The most effective instance of the flashbacks comes in the form of the scene where the government spontaneously flash bombs the city while everyone watches. The scene captures chaos and confusion so well and it’s even one of the better disaster scenes that I’ve seen in a movie in some time.
Matters escalate in a beautiful manner where before even a half hour of the film has passed a massive fire in the cramped space becomes an inspired complication to send this fragile environment into a landslide. It’s just as thrilling to then see the family need to open their safeguarded exit as quickly as possible when the whole point has been to keep it locked up until now. Once things move above ground it’s not surprising to see that this isn’t a monster situation, but rather a massive government operation dealing with a quarantines and virus outbreak. Admittedly this is an angle that’s been done plenty before, but Hidden’s “less is more” approach again makes this feel different.
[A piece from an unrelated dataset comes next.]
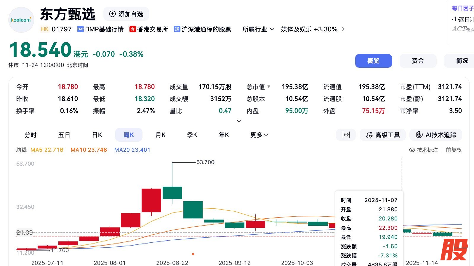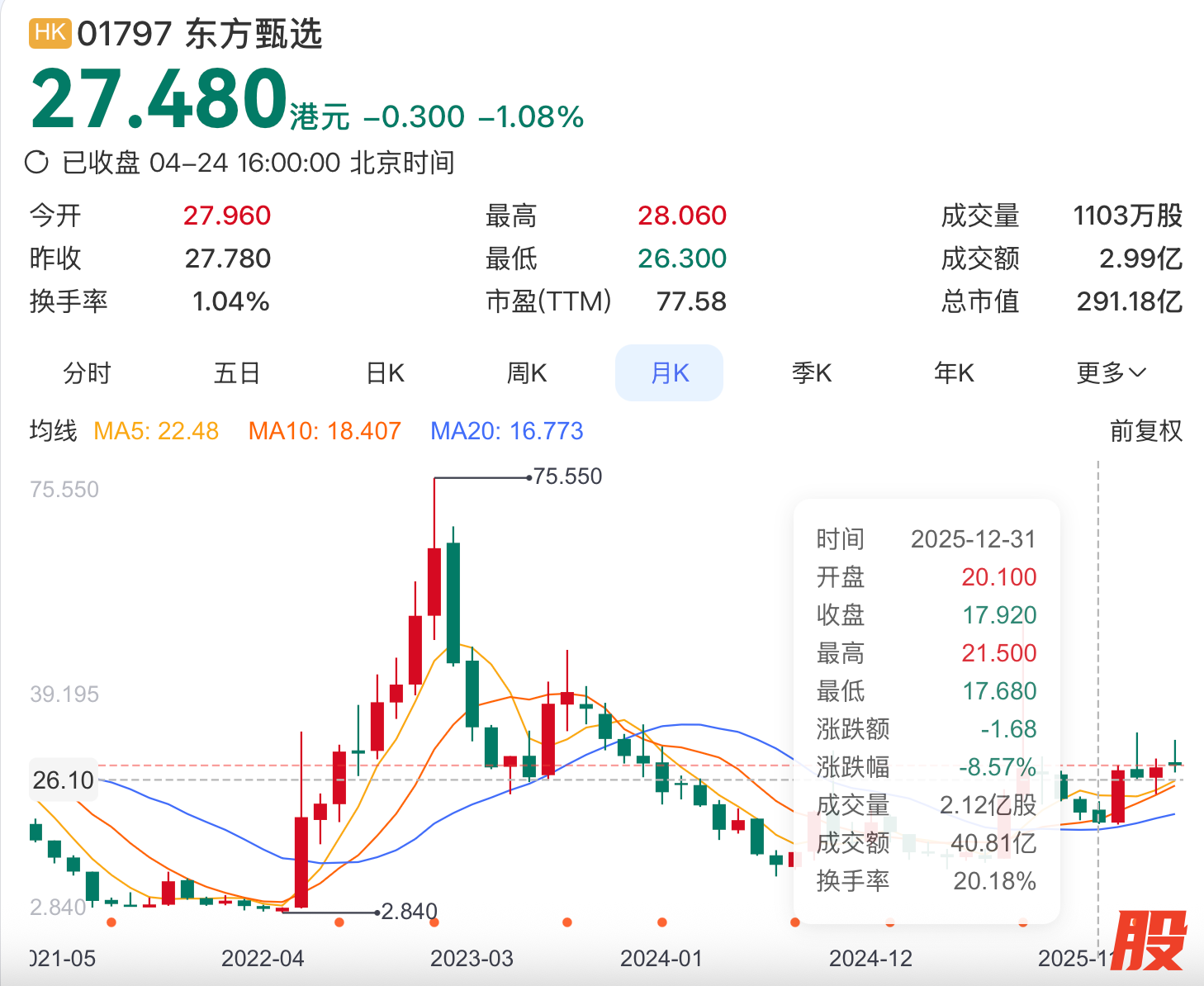 年初至今,东方甄选股价由17.92港元涨至上个交易日的27.48港元,涨53.3%。

Of course, with such a concept heavy movie, as mentioned before things do eventually move outside of the hiding spot with a rather seismic paradigm shift going on in the process. The entire film is predicated on the dangers of the outside and the rules that govern this family to keep them safe, but unsurprisingly, things are quite different on the outside with this new direction fueling much of the film’s final act. The shoot-out and massacre that ensues is marvelously shot and composed, again having you be as clueless and scared as Zoe is in the scene. Being out in the open again is a whole new world for these people and you can feel it in the disorientation present in the chaotic firefight.
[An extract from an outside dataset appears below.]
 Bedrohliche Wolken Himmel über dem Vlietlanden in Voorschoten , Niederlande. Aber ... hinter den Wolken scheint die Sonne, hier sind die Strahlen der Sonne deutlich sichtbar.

It’s a bit of a genuine surprise in the end to see this family get infected and go through everything that they do—sure, they’re still alive, have each other, and are still on their own together, but this new complication almost acts as a manifestation of the struggle they’ve been through. It’s just another new obstacle for them to overcome, but now in just a slightly larger cage to root around. At least they’ve got a bigger community, family, and support center at this point since they’ve found other survivors, but at the same time, this is still very much an ending about struggling to survive.
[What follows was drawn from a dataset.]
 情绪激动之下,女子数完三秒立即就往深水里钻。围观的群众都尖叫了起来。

Hidden might not be a perfect film, but it’s one that plays with a bunch of themes ahead of the curve while still subverting the norm in the process. It’s easy to see how this film could grab M. Night Shyamalan’s attention, spurring him to bring the duo over to the equally unpredictable first season of Wayward Pines. On top of this though, Hidden shows the work of growing filmmakers that are clearly only getting started and hopefully this title won’t remain hidden for much longer.